Single by Fiona Apple

from the album The Idler Wheel...
- Released: April 24, 2012
- Studio: Stanley Recordings (Venice, Los Angeles); NBB Studio (New York City);
- Genre: Alternative pop; art pop;
- Length: 3:33
- Label: Epic
- Songwriter: Fiona Apple
- Producers: Fiona Apple; Charley Drayton;

Fiona Apple singles chronology
| "Get Him Back" (2006) | "Every Single Night" (2012) | "Pure Imagination" (2013) |

Music video
- "Every Single Night" on YouTube

= Every Single Night =

"Every Single Night" is a song written and recorded by American singer-songwriter Fiona Apple. It was released as the only single from her fourth studio album, The Idler Wheel..., on April 24, 2012, by Epic Records.

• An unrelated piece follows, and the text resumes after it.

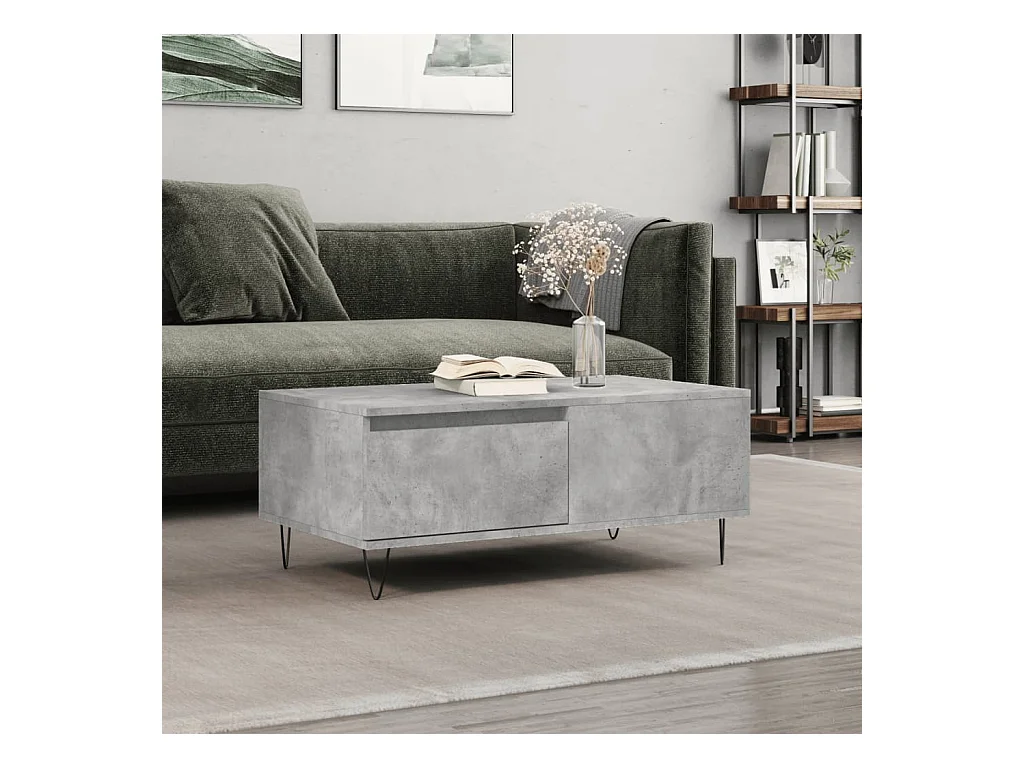 Tavolino da caffè grigio cemento 90x50x36,5 cm in legno ingegnerizzato

== Background and release ==
"Every Single Night" marked Fiona Apple's first single in six years since "Get Him Back" (2006). She began writing and recording the song in secret, unbeknownst to her label Epic. She and producer Charley Drayton opted to use minimal musical arrangement in the song by performing on a celesta and a marimba. The song chronicles what Apple used to dream every night; "Every single night's a fight with my brain."

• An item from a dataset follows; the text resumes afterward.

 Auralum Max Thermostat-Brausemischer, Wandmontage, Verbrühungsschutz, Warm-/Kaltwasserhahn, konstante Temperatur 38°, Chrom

Apple first performed the song during the South by Southwest (SXSW) festival in Austin, Texas, in 2012. The music video of the song premiered on the Sundance Channel on June 10, 2012, and was directed by Joseph Cahill in Paris, France. It features scenes of Apple in a bed with a Minotaur, with snails, feeding an alligator, and wearing an octopus for a hat. Michaell Cragg of The Guardian remarked of the video, "The singer seems to have gone Gaga with her new video, in which she sports a squid headpiece and snail ensemble." Rolling Stone compared the video to Apple's controversial music video of her single "Criminal" (1996), saying, "It's sort of like her breakthrough video for 1996's "Criminal," if it took place at a wildlife preserve instead of a seedy house party."

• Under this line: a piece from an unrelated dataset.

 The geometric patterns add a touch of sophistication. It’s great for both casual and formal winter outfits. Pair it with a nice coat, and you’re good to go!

== Chart performance and critical reception ==
Following the release of The Idler Wheel..., the song debuted at 72 on the Billboard Japan Hot 100 chart on the week ending July 21, 2012, marking her first entry on the chart. Even though the song failed to enter any of the Billboard charts in the United States, the song has received critical acclaim from critics, with some citing it as the highlight of the album. Jillian Mapes of Billboard commented, "Needless to say, Apple's single isn't a "Criminal" sequel, and radio airplay doesn't appear to be the goal here. Yet it's fair to deem "Every Single Night" a triumphant comeback by being exactly what Apple's cult of devotees has been yearning for." She also remarked following the album's release that "Musically, the song straddles the line between childlike and eerie, led by a music box toy piano and Apple's own tribal yodeling." Robbie Daw of Idolator offered a mixed review by calling the song a "delicate and quirky track". Stephen Thomas Erlewine of AllMusic commented on the song's non-single nature, saying, "Some hooks are stronger than others – "Periphery" cuts to the quick, whereas "Every Single Night" surges—but what was rumored about Extraordinary Machine (2005) is actually true about The Idler Wheel..: there are no singles here, nothing concise and concentrated to facilitate an easy sell... Lacking either ornate production or a pop single, The Idler Wheel... plays like Fiona Apple at her purest and that's plenty complicated."

== Influence ==
According to Panic! At the Disco vocalist Brendon Urie, "Every Single Night" was the inspiration for the 2013 hit "Miss Jackson" (featuring Lolo) from their album Too Weird to Live, Too Rare to Die!, which was originally named "Bad Apple" (after Fiona Apple, who rejected usage of a sample from her song).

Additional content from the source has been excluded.